Dürreperiode: Auf die 61 erzielten Zähler gegen Leverkusen folgten lediglich 55 Panthers-Punkte in Ulm. Zwar traten die Schwenninger dort bei der besten Defensive der Liga an, doch selbst dann sind 55 Punkte zu wenig, um in der ausgeglichenen ProB ein Spiel zu gewinnen. Dies weiß auch Velcic: „Unsere offensive Produktivität war grauenhaft. Wir haben zu viele individuelle Fehler gemacht und selbst einfachste Korbleger vergeben. So kann man kein Spiel gewinnen.“

Verletztenmisere: Das Verletzungspech zieht sich wie ein roter Faden durch die Saison der Wiha Panthers.

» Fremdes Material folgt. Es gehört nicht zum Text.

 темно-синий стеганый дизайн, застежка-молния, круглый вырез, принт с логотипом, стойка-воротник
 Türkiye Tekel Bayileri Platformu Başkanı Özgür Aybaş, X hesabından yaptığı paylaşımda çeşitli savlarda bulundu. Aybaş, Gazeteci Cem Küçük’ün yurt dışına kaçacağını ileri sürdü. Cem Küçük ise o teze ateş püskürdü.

Fast wöchentlich fällt ein anderer Leistungsträger aufgrund von Krankheiten oder kleinerer Blessuren aus. Nur drei Spieler (Rasheed Moore, Leon Friederici und Sergey Tsvetkov) absolvierten bislang alle 20 Partien. Alle anderen Akteure fielen in dieser Saison bereits aus. Kosta Karamatskos, der nicht nur aufgrund seines Kapitänsamtes Kopf der Mannschaft ist, konnte aufgrund eines Bizepssehnenrisses nur acht Spiele absolvieren. In diesen Partien weisen die Panther eine Bilanz von 6:2 auf, ohne den Spielmacher ist sie mit 6:6 ausgeglichen. Fällt zudem auch noch dessen Stellvertreter Abdulai Abaker wie in den vergangenen zwei sieglosen Partien aus, schwächelt die Panthers-Offensive gehörig. Jedoch ist Licht am Ende des Tunnels: Pünktlich zu den Playoffs werden beide Spielmacher wieder einsatzbereit sein, sodass die Panthers in der heißen Phase der Saison mit einem zwölfköpfigen Kader trainieren und spielen können.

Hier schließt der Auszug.